Presbyterians trace their history to the 16th century and the Protestant Reformation. Our heritage, and much of what we believe, began with the French lawyer and theologian, John Calvin (1509-1564), whose writings crystallized much of the Reformed thought.
Calvin did much of his writing from Geneva, Switzerland. From there, the Reformed movement spread to other parts of Europe and the British Isles. Many of the early Presbyterians in America came from England, Scotland and Ireland. The first American Presbytery was organized at Philadelphia in 1706. The first General Assembly was held in the same city in 1789. The first Assembly was convened by the Rev. John Witherspoon, the only minister to sign the Declaration of Independence.

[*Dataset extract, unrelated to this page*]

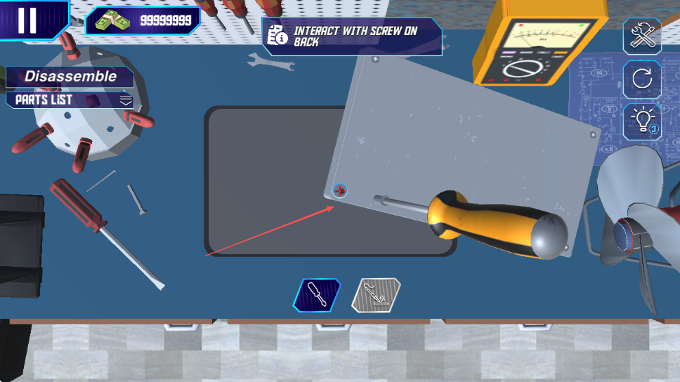 4、根据提示与后壳等部件互动,检查内部电路板等组件,维修或更换损坏零件,完成修理任务。

Presbyterian theological beliefs
Some of the principles articulated by John Calvin remain at the core of Presbyterian beliefs. These central tenets are the sovereignty of God, the authority of the scripture, justification by grace through faith and the priesthood of all believers. What they mean is that God is the supreme authority throughout the universe. The Holy Scripture of the Old and New Testaments are the ultimate source of our knowledge about God and His purpose for humanity as well as the Church's authority in all matters of faith and practice. Our salvation (justification) through Jesus Christ is God’s generous gift to us and not the result of our own accomplishments. It is everyone’s job – ministers and lay people alike – to share this Good News with the whole world. That is also why the Presbyterian church is governed at all levels by a combination of clergy and laity, men and women alike. As Christians we are to be transformed through Christ and the power of the Holy Spirit working in our lives. Then we are to venture out of the safe confines of our church building and seek to bring God's light and love into a hurting and sometimes hostile world.